Items listed in a dataset

Segment Open

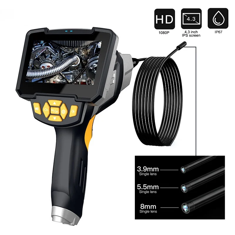 Камера Диаметр: 3,9 мм 5,5 мм 8 ммФокусное расстояние камеры: 4-5 мЭкран руководство по размерам: 4,3-дюймовый ЖК-дисплей ЭкранРазрешение: 1920x1080,1280x720,640x480Уровень водонепроницаемости: IP67Емкость аккумулятора: 2600 мАчРабочий час: 3-4 часа
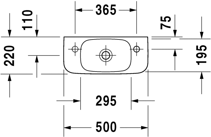 Umywalka DURAVIT DURASTYLE 50x22cm, prawa, bez przelewu, biała 0713500008
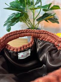• Dettaglio in fettuccia color mattone lurex, che dona un effetto brillante e sofisticato, aggiungendo un tocco di stile unico.
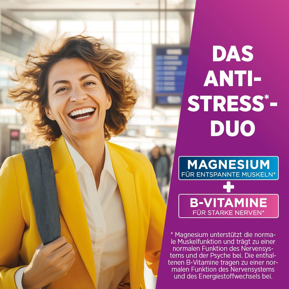 Магния карбонат, наполнитель (целлюлоза), оксид магния, соли магния лимонной кислоты, стабилизатор (гидроксипропилметилцеллюлоза), витамин B1, витамин B2, витамин B6, витамин B12, наполнитель (фосфаты кальция), антислеживающие агенты (моно- и диглицериды жирных кислот, соли магния жирных кислот, сшитая карбоксиметилцеллюлоза, диоксид кремния, поливинилполипирролидон), стабилизатор (гидроксипропилцеллюлоза), покрытие (гидроксипропилметилцеллюлоза, целлюлоза, уксуснокислые эфиры моно- и диглицеридов жирных кислот), красители (индигокармин, кармин)
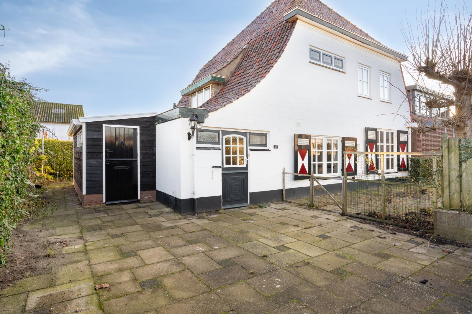 De voortuin, gelegen op het zuidoosten, fungeert als hoofdtuin en is deels afgeschermd met een groene haag en schutting. Achter de woning bevindt zich nog een bestraat terras, perfect om fietsen te stallen of een tweede zitplek te creëren. De tuin is grotendeels onderhoudsvriendelijk aangelegd met tegels. Aan de zijkant van de woning staat een ruime houten schuur voorzien van water en elektra, ideaal als werkruimte of extra bergruimte.
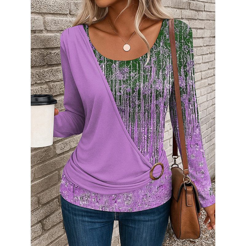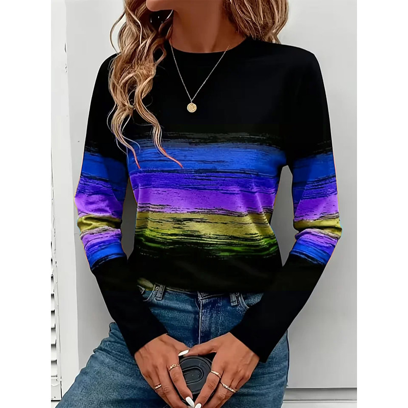 Women's T Shirt Ombre Geometric Vintage Casual Long Sleeve Crew Neck Regular Tops Daily Patchwork Print Pink Blue Purple Green Khaki Summer Fall Winter
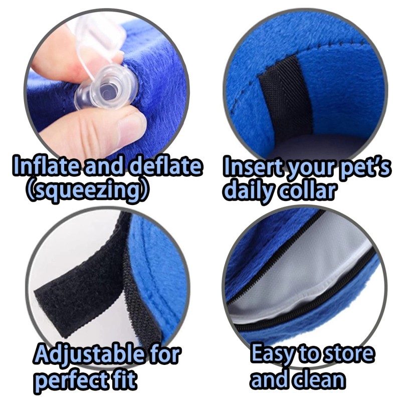 Inflatable recovery collar, you can deflate it and store it in a small space when you do not use it and there is a zipper opening on one side, you can take the bag out and wash the outside cloth washable.
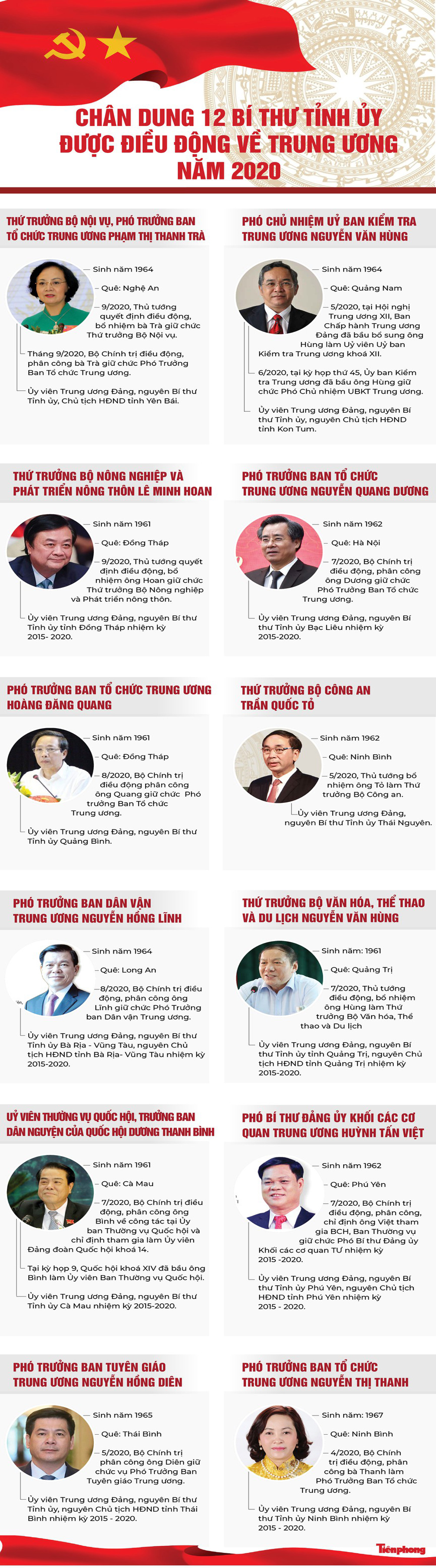 : TVO 24H: 2020-10-01 10:42:45 Lượt xem: 2601 Chân dung 12 Bí thư Tỉnh ủy được điều động về Trung ương năm 2020 Từ đầu năm đến nay, có 12 Bí thư Tỉnh ủy được điều động, phân công, bổ nhiệm về các ban, ngành Trung ương. Nguồn: Linh Anh (Tiền Phong)
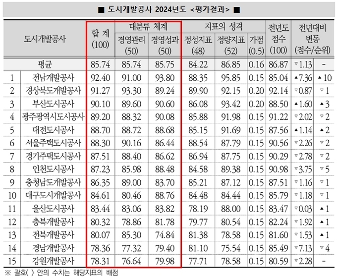 2024년도 지방공기업 평가에서 15개 도시개발공사 전체의 평균평점은 지난해보다 낮아졌다. 경영관리 측면에서 조직·인사관리 평점은 상승한 데 비해 전략 및 혁신 평점은 하락했다. 경영성과 측면에서는 지역개발사업 추진 등은 성과를 보였으나 영업수지가 하락하고 자본·노동생산성이 3개년 평균 대비 악화된 것으로 나타났다.

Segment Closed

### Description of the task
Rewrite the data above exactly as given, but omit the images.

### Result for this task
 Камера Диаметр: 3,9 мм 5,5 мм 8 ммФокусное расстояние камеры: 4-5 мЭкран руководство по размерам: 4,3-дюймовый ЖК-дисплей ЭкранРазрешение: 1920x1080,1280x720,640x480Уровень водонепроницаемости: IP67Емкость аккумулятора: 2600 мАчРабочий час: 3-4 часа
 Umywalka DURAVIT DURASTYLE 50x22cm, prawa, bez przelewu, biała 0713500008
• Dettaglio in fettuccia color mattone lurex, che dona un effetto brillante e sofisticato, aggiungendo un tocco di stile unico.
 Магния карбонат, наполнитель (целлюлоза), оксид магния, соли магния лимонной кислоты, стабилизатор (гидроксипропилметилцеллюлоза), витамин B1, витамин B2, витамин B6, витамин B12, наполнитель (фосфаты кальция), антислеживающие агенты (моно- и диглицериды жирных кислот, соли магния жирных кислот, сшитая карбоксиметилцеллюлоза, диоксид кремния, поливинилполипирролидон), стабилизатор (гидроксипропилцеллюлоза), покрытие (гидроксипропилметилцеллюлоза, целлюлоза, уксуснокислые эфиры моно- и диглицеридов жирных кислот), красители (индигокармин, кармин)
 De voortuin, gelegen op het zuidoosten, fungeert als hoofdtuin en is deels afgeschermd met een groene haag en schutting. Achter de woning bevindt zich nog een bestraat terras, perfect om fietsen te stallen of een tweede zitplek te creëren. De tuin is grotendeels onderhoudsvriendelijk aangelegd met tegels. Aan de zijkant van de woning staat een ruime houten schuur voorzien van water en elektra, ideaal als werkruimte of extra bergruimte.
 Women's T Shirt Ombre Geometric Vintage Casual Long Sleeve Crew Neck Regular Tops Daily Patchwork Print Pink Blue Purple Green Khaki Summer Fall Winter
 Inflatable recovery collar, you can deflate it and store it in a small space when you do not use it and there is a zipper opening on one side, you can take the bag out and wash the outside cloth washable.
 : TVO 24H: 2020-10-01 10:42:45 Lượt xem: 2601 Chân dung 12 Bí thư Tỉnh ủy được điều động về Trung ương năm 2020 Từ đầu năm đến nay, có 12 Bí thư Tỉnh ủy được điều động, phân công, bổ nhiệm về các ban, ngành Trung ương. Nguồn: Linh Anh (Tiền Phong)
 2024년도 지방공기업 평가에서 15개 도시개발공사 전체의 평균평점은 지난해보다 낮아졌다. 경영관리 측면에서 조직·인사관리 평점은 상승한 데 비해 전략 및 혁신 평점은 하락했다. 경영성과 측면에서는 지역개발사업 추진 등은 성과를 보였으나 영업수지가 하락하고 자본·노동생산성이 3개년 평균 대비 악화된 것으로 나타났다.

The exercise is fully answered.